Other than the above provisions of law, there are no other legal provisions that allow security forces in India to strike with weapons at a group and cause death of the members of such group, even if such group is a terrorist group. In fact, the above legal position is applicable even to surgical strikes in situations other than preventive or pre-emptive. For example, the security forces in India are not allowed to take a subsequent planned retaliatory action even against a terrorist act that at this already over; of course, on-the-spot retaliatory action is possible while the terrorist act is still being committed, but even in such situation the retaliatory action can be taken only in accordance with one or more of the aforesaid four legal provisions (wherever applicable) that permit use of force at the security forces. The security forces are not permitted to simply go and kill the terrorists at a later stage as a retaliatory action after the terrorists have already committed the act and have absconded; they have to be arrested and prosecuted before a court of law which shall decide their fate; of course, here again, they may use force in such a situation at the time of arresting them in accordance with one or more of the aforesaid four legal provisions (wherever applicable).

In fact, any excess force used by the security forces within one’s own country may land them in trouble forcing their prosecution in courts.
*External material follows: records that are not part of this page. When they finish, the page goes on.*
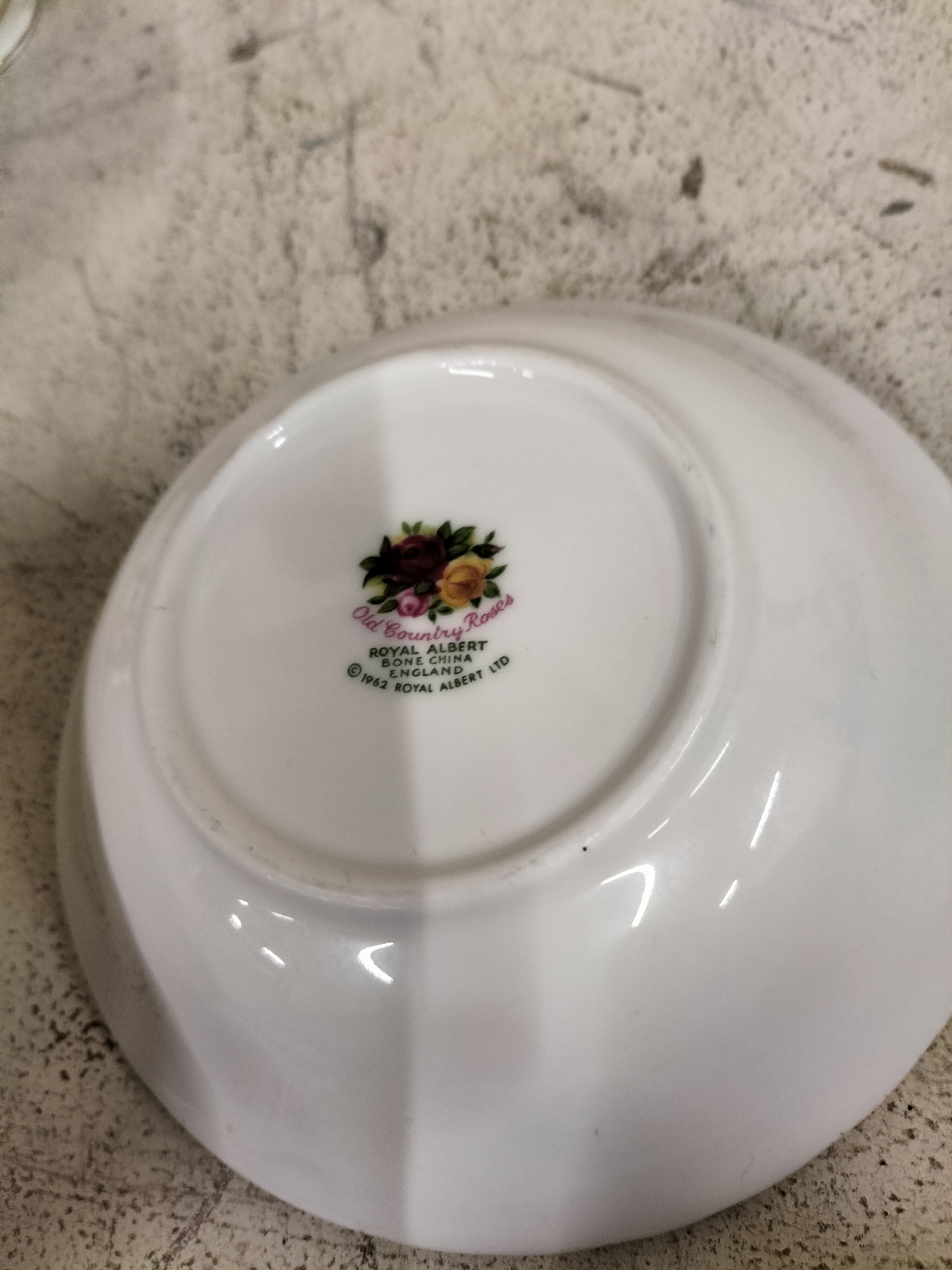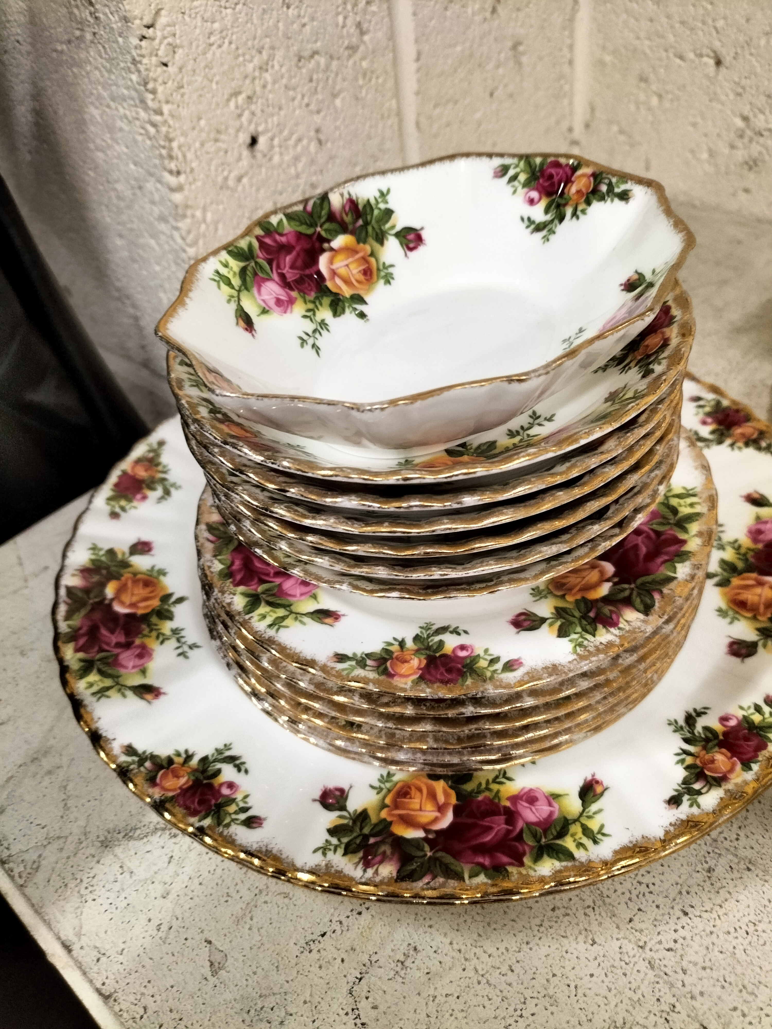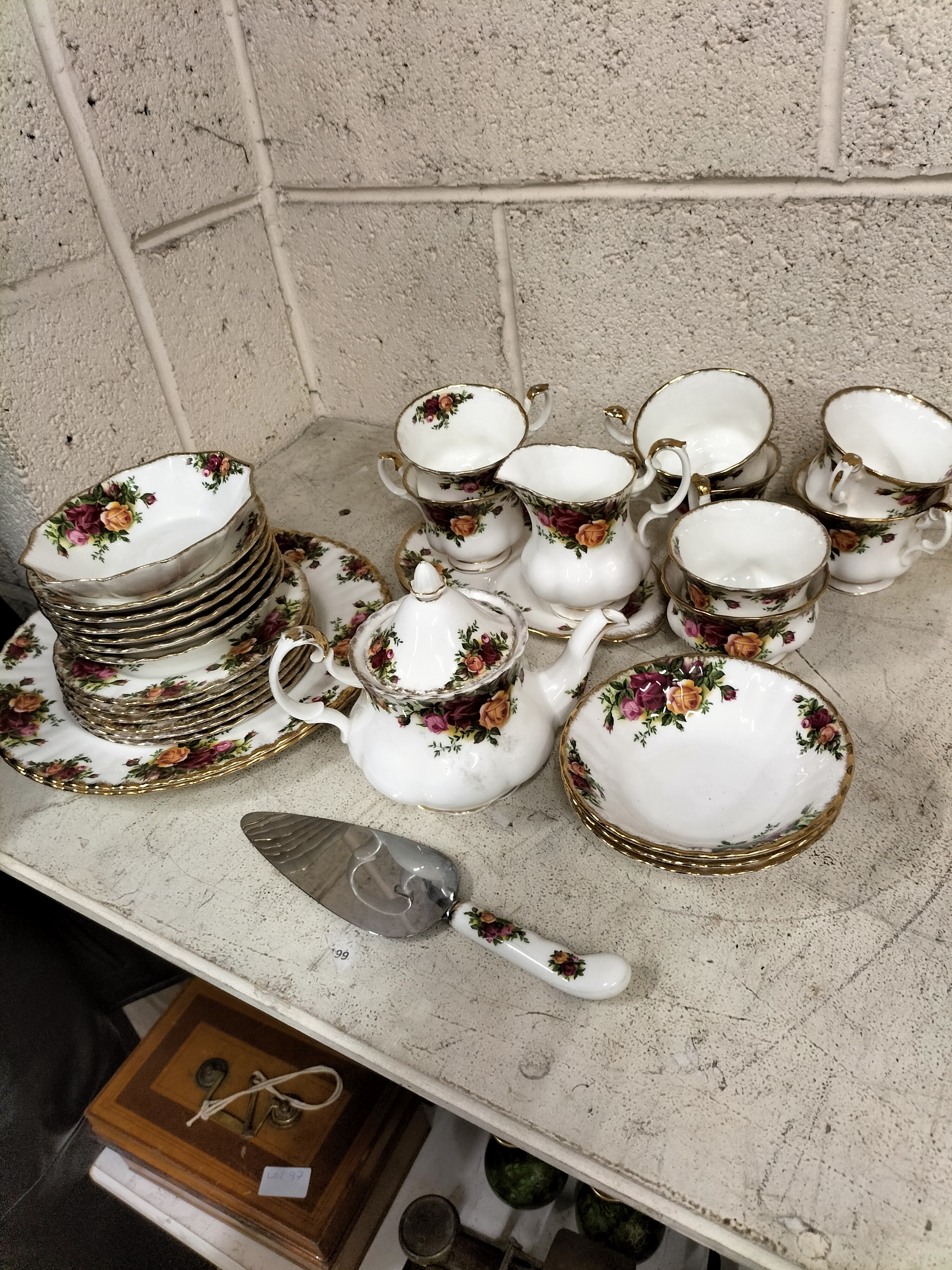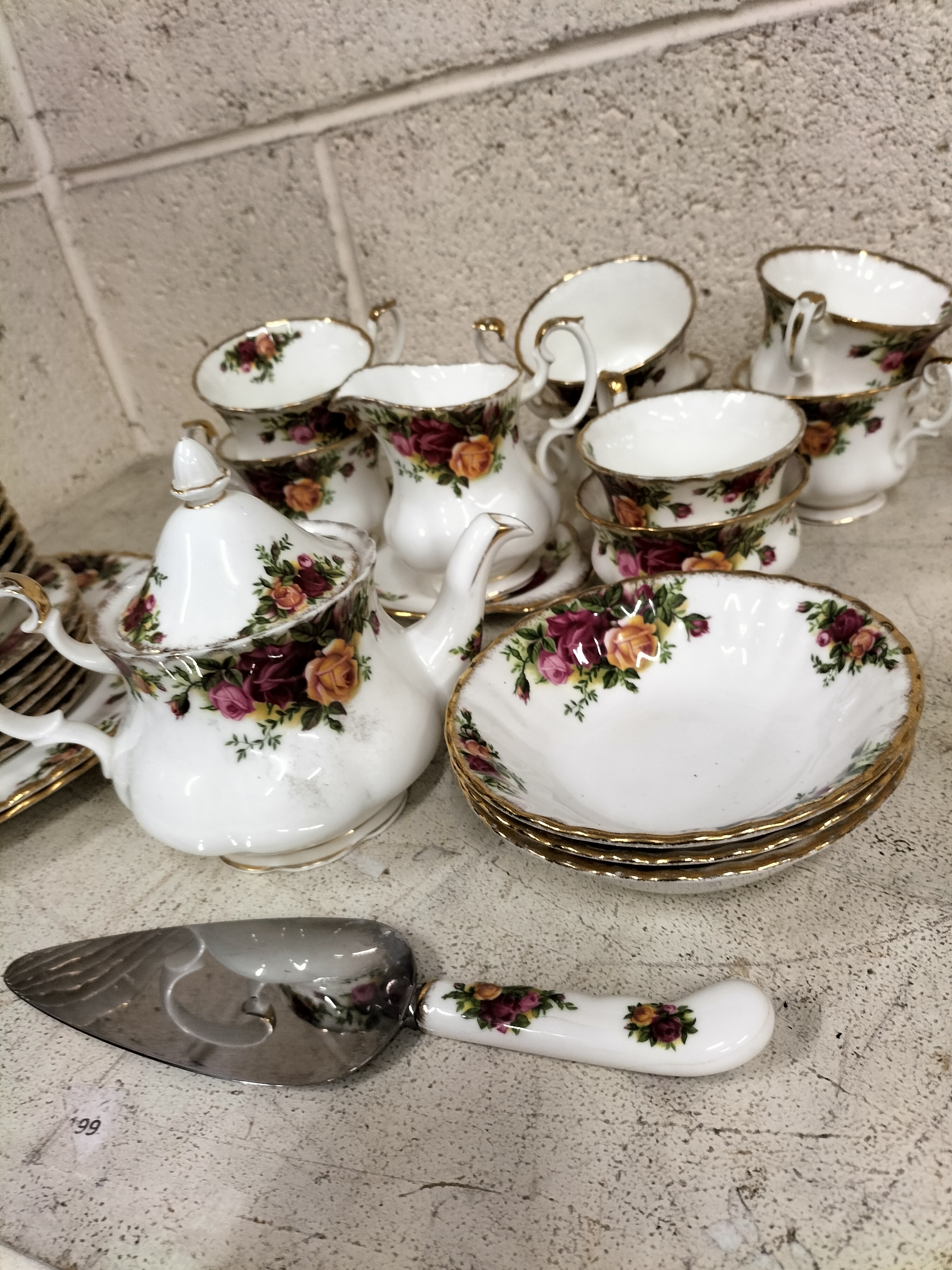 A comprehensive collection of Royal Albert bone china in the celebrated Old Country Roses pattern. This quintessential English design features vibrant clusters of burgundy, pink, and yellow roses with green foliage, set against a white glazed ground. Each piece is embellished with the characteristic hand-applied stippled gold-gilt rims. The set comprises a globular teapot with lid, a cream jug, two open sugar bowls of varying forms, six teacups, six saucers, six side plates, four dessert bowls, one large circular serving plate, and a coordinating cake server with a stainless steel blade and ceramic handle. The undersides bear the printed maker’s mark: Old Country Roses, Royal Albert, Bone China, England, © 1962 Royal Albert Ltd. Teapot height approx. 18cm, Large plate diameter approx. 26cm.
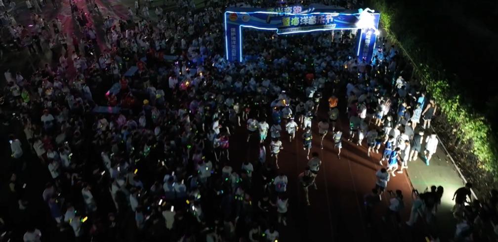 七点二十分,国旗护卫队护旗进场,活动在激昂的国歌声中拉开序幕。杨洲宣布活动开幕并鸣枪开跑,选手们手握荧光棒,奋勇向前,努力争先,用奔跑的激情与炫彩的荧光挥洒自己的青春轨迹,用动感酷炫和闪闪荧光照亮了校园夜色。在活动终点,参赛选手和现场观众通过手掌印和签名等方式在背景墙上为2023届毕业生祝福加油,为保护海洋生态系统打卡接力。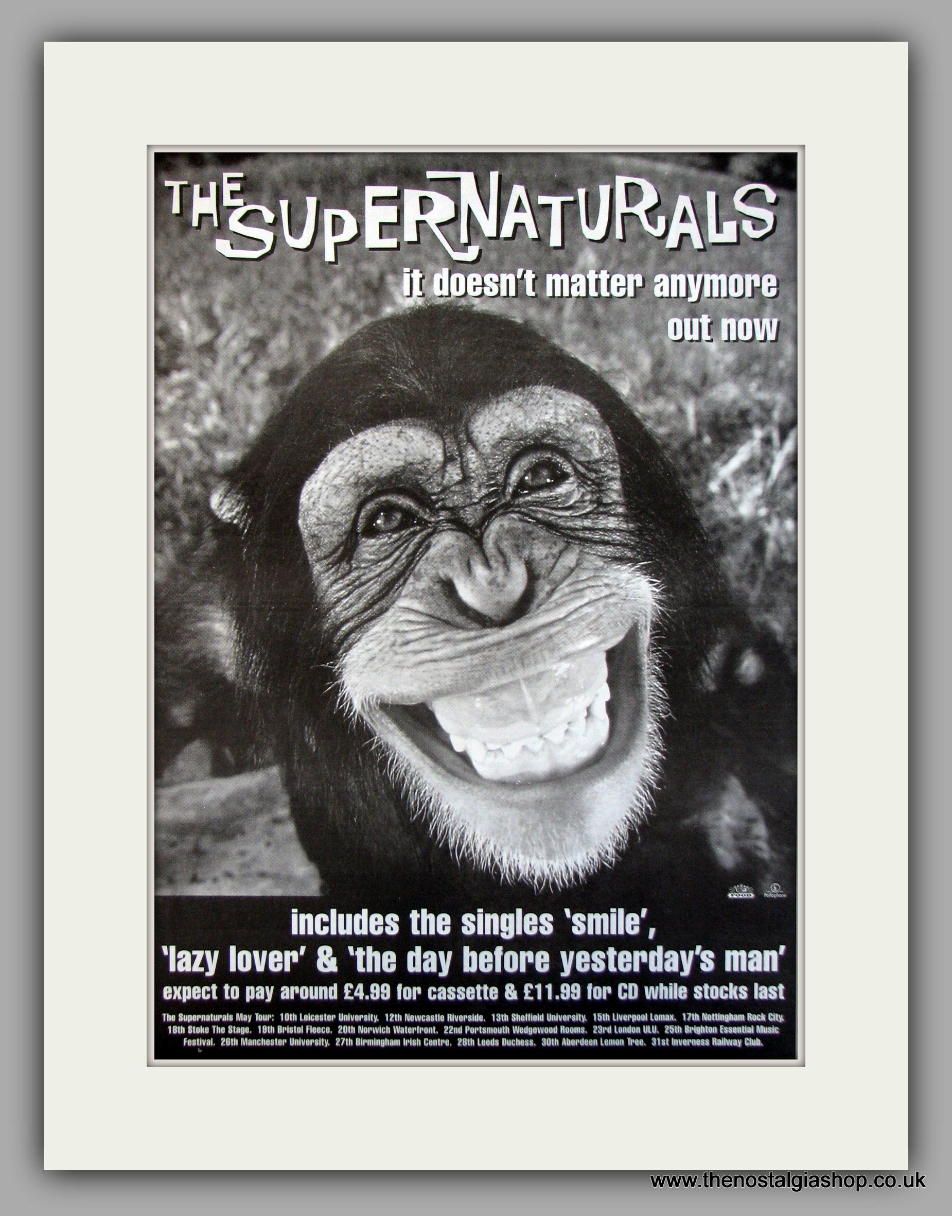 Supernaturals (The) It Doesn't Matter Anymore. Original Vintage Advert 1997 (ref AD10141). Presented and supplied in a cream bevel cut mount with backing card and clear bag. Ready to fit in a 20x16 inch frame. The mounted advert will be posted via courier and well packed - protected with a sheet of hardboard to keep it rigid. Any questions or enquiries, please get in touch, we are here to help! All our adverts, unless clearly stated are originals from the date shown. They make excellent pieces of wall art and stunning gifts. Many are rare and hard to find and once sold, may not be replaced. Remember you are buying a piece of history. Website watermark is not on original.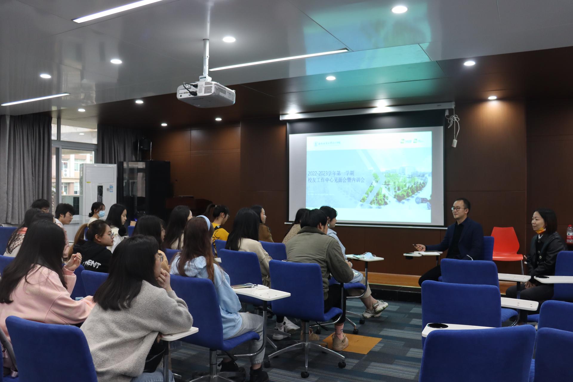 随后,任虹老师与同学们进行了交流,任虹表示,作为指导老师,自己也是以一个校友工作新人的角度加入这个团队,希望以后和同学们一起为学院校友工作贡献力量。也希望同学们从在校生和校友两个维度思索校友工作的开展,构筑夯实校友和在校生之间的桥梁,进步共赢。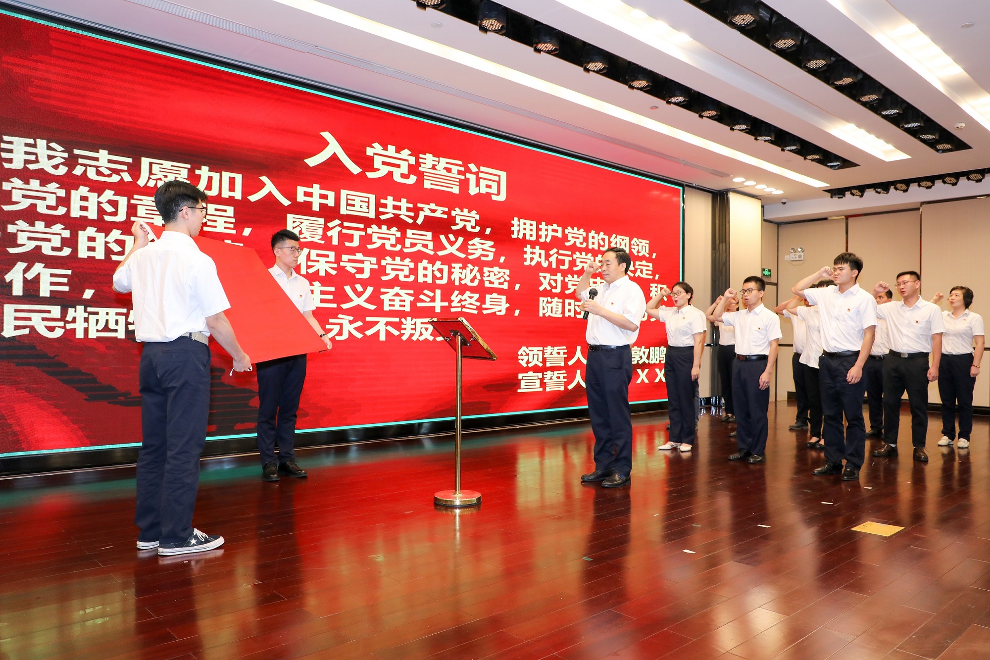 會議舉行了莊嚴的入黨宣誓儀式,在全體黨員的見證下,老黨員為新黨員代表佩戴黨員徽章。在黃敦鵬的帶領下,總部新黨員上臺宣誓,全體黨員起立重溫入黨誓詞。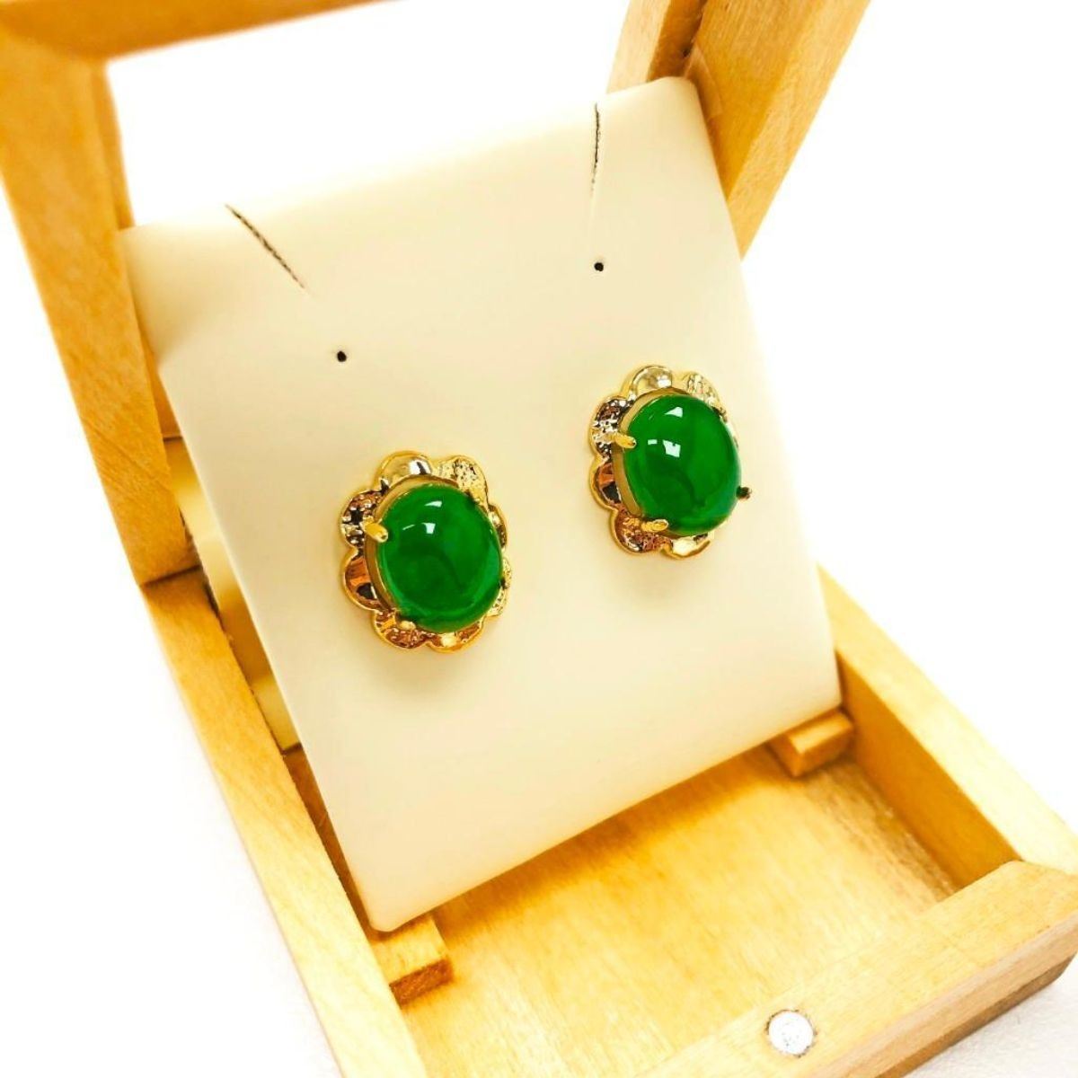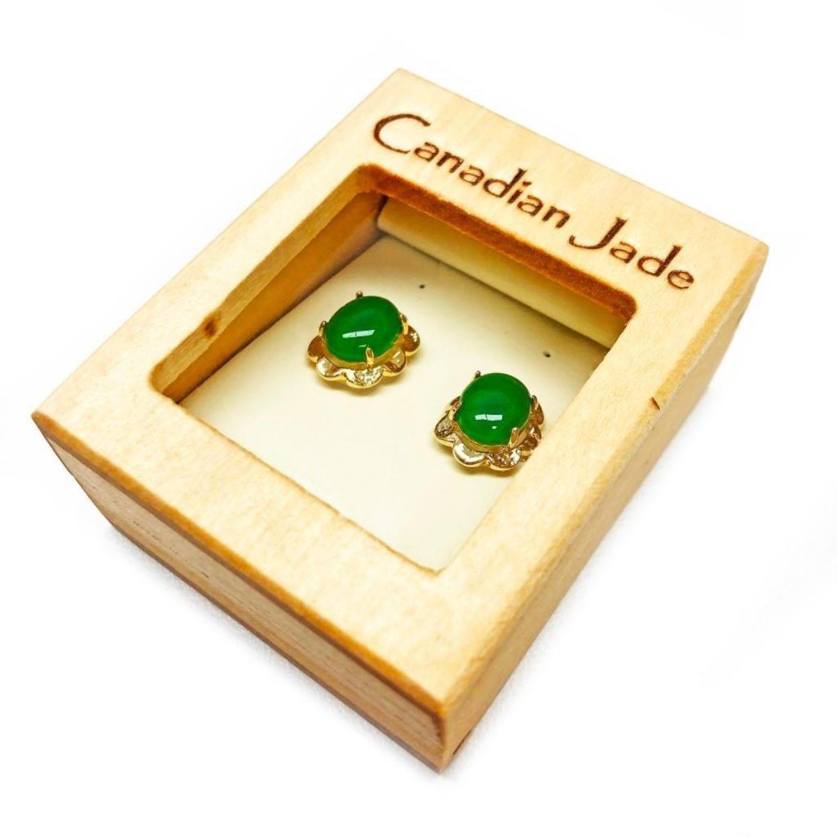Lovely Pair of Ladies 1.51ct Oval Cut Canadian Jade Stone Earrings in 18KT Gold Plated Floral Mount Jade, the stone of heaven has been prized throughout history. A stone of mystical power, ancient civilizations valued jade as the most precious of all gemstones. The world's finest nephrite jade can be found in the Cassir Mountain Range in British Columbia, the Yukon and Alaska. This tough translucent Stone is challenging to carve, however will stand the test of time and its harsh elements.

There are a large number of human rights activists, many of whom are well-paid by interest groups for deliberately harassing the security forces, who are always waiting for such opportunities to pounce upon personnel belonging to security forces for dragging them to courts for prosecuting them for any alleged excessive use of force even where such force was used against the worst types of terrorists (who may even belong to an enemy country). Moreover, the courts in India also generally have an attitude which is not very sympathetic to the security forces. There have been a large number of cases wherein personnel belonging to security forces have been harassed by way of frivolous prosecutions even for the acts which were committed in the bona fide discharge of their duties. Therefore, any preventive or pre-emptive or retaliatory surgical strikes against even armed groups such as terrorists, are not possible within the territory of India itself.

It is only in an enemy territory where such surgical strikes can be conducted by armed forces. As they say, everything is fair in love and war. Our armed forces are not accountable to the domestic laws of the enemy country. Even if the enemy country registers offences against personnel belonging to our security forces for acts committed within their territory, it will not be possible for them to force our personnel to face the process of justice in their country. International law is more like jungle raj, even though there may be certain rules for engagement. A powerful nation will not bother for those rules. Might is right. Brute force prevails. If you have the power to inflict casualties in an enemy country in a pre-emptive or retaliatory exercise, you would not be subjected to the domestic laws of the courts of that country. At best, the enemy country may also retaliate. But then, it is the survival of the fittest. If you are more powerful, then your writ will run.

Therefore, similar surgical strikes may not be possible against our own homegrown terrorists who wage war against the State within our own territory. Here, our security forces have to act only in accordance with the legal provisions that allow them the use of force. Moreover, for the acts committed within our own territory, the security forces are fully accountable to the courts of law. They cannot use excess force than that is permissible under law. The rule of law prevails and curtails their powers to use force freely as they could in an external action. While acting against the external enemies, our security forces are supposed to use maximum force and to the maximum effect, but when it comes to dealing with the internal enemies the requirement of law is to use minimum possible force. You violate this rule at your own peril.